The French rapper Médine often compares his music to boxing: In a career spanning 15 years, he has thrown countless hooks and barbs.
His two favourite targets, the political far-right and religious fundamentalists, have punched back. Médine, who is Muslim, has received death threats from right-wing activists, and in 2015, he found out that he was on an ISIS kill list.
The blow he received in September knocked him out for weeks.
After months of outrage from far-right activists, who started a petition accusing Médine of “singing violent lyrics in the name of Islam,” the rapper cancelled two concerts at the Bataclan concert hall in Paris that were supposed to be the pinnacle of his current tour of France.
The Bataclan has become a hallowed site to many in France, after 89 people were killed there in a terrorist attack in 2015; opponents called the invitation for Médine to perform there an “indecency.” The rapper said he wanted to avoid demonstrations against the show out of respect for the victims’ families.
“I am aware that in the eye of the average French person, I embody many fears and delusions: I am a rapper, I have Algerian roots, I am Muslim, and I grew up in housing projects,” Médine, 35, said in a recent interview.
“What I had not realised is that, in 2018, you can’t change people’s mind-sets,” he added. “We don’t accept the complexities, the contradictions.”
The outcry that pushed the rapper to cancel his Bataclan concerts focused on “Don’t Laïk,” which includes the line, “I put fatwas on the heads of idiots.”
Far-right activists also berated the title of a 2005 album, “Jihad,” subtitled “The Greatest Fight Is Against Oneself.” Médine said the title referred to the spiritual struggle undertaken by all practicing Muslims, and did not carry the violent connotations critics associate with the term.
“One should be able to make political rap, what we used to call ‘rap with a conscience,’ “ Médine said, adding that he had a “right to be irresponsible.”
Some French intellectuals defended him throughout the controversy, arguing that one of the most respected and well-spoken rappers in France had a rightful place at the Bataclan.
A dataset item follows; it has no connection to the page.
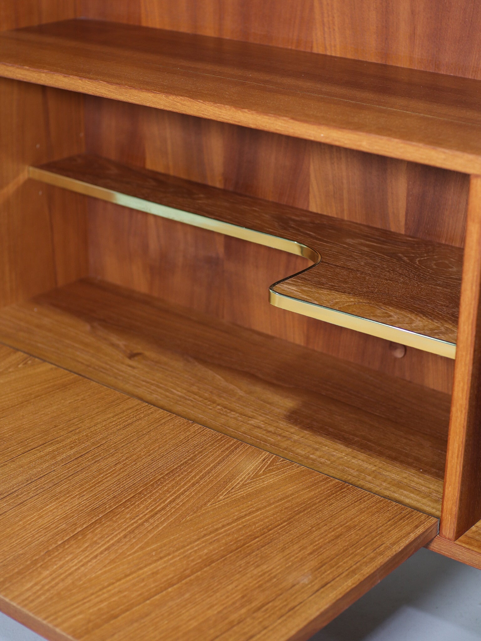 Prachtige boekenkast / vakkenkast geproduceerd door Clausen & Søn in Denemarken, jaren '60. Deze vintage kast is gemaakt van teakhout. Het open gedeelte heeft één vaste plank. Onderin de kast zit een open vak met schotten voor o.a. LP's. Verder heeft de kast een klep met een houten greepje en daarachter een plank met een mooie goudkleurige afwerking. Dit gedeelte is onder andere geschikt om te gebruiken als barkast met flessen onderin en glazen op de plank. Een uniek, praktisch, kwalitatief en tijdloos meubelstuk!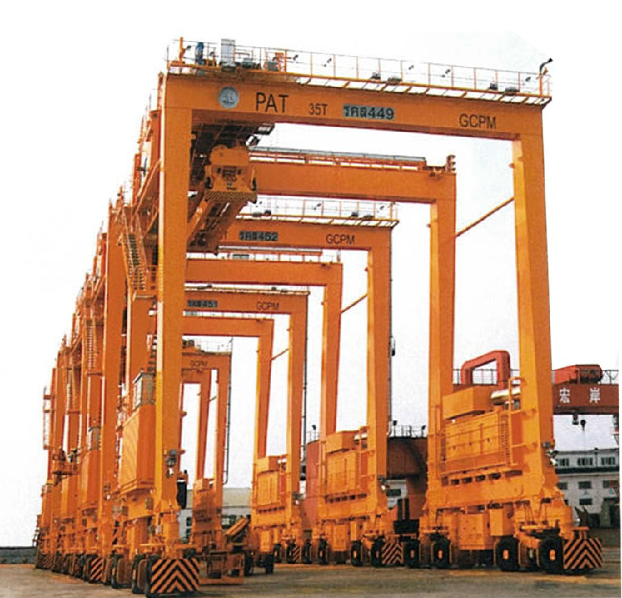 江蘇連云港港口輪胎吊廠家輪胎門式起重機是在原有起重機的基礎上生產的,可以承載較大符合的物件,采用獨特的設計工藝,不但牢固可靠,并且安裝的時間較短,使用起來較為方便。輪胎門式起重機是用于貨場或路橋施工中進行堆碼、轉運、鋪設作業的機械。它由門型支架,動力傳動系統、起升機構、大車運行機構等組成,輪胎式行走機構可使起重機在沒有鋪設軌道的情況下自由行走,并可作轉向,作業靈活。使用方便。輪胎式門式起重機用柴油機交流發電機組供電,可在沒有鋪設道軌的場地內作兩個方向移動。支承在大型無內胎輪胎上。輪數是根據場地輪壓的要求而設計的。整臺設備在駕駛室里操控。

Yet they were outnumbered by critics. “Médine has rightly claimed a strong affiliation to many French cultural figures, because he defends and embodies the fundamentals of that culture,” said Emmanuelle Carinos, a sociologist who studies violence in French rap.
In interviews, and in his lyrics, Médine has compared himself to irreverent humourists and songwriters of the 20th century such as Jacques Brel, and to novelists like Victor Hugo.
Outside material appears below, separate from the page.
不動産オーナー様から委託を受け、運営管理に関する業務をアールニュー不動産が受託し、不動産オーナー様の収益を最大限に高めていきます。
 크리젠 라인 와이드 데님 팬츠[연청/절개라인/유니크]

“But he might have been too confident,” Carinos said, “and not aware that many would also single out some lyrics and take the most provocative ones at face value.”
Médine grew up in Le Havre, a port city in northwestern France where he lives with his wife and three children. Médine, who is of Algerian descent, converted to Islam as a teenager. He started to rap both about the dangers of radicalisation and Islamophobia early in his career.
As Médine prepared backstage for his concert in Cergy, his bodyguard read out the latest death threat that had been flagged by the police. An anonymous writer said that even if Médine wore a bulletproof jacket onstage — he doesn’t — he would be “carried out feet first” nonetheless. The rapper seemed unfazed.“Dying on stage, isn’t it the most beautiful death ever?” Médine said. “Maybe they’ll see me as an artist at last.”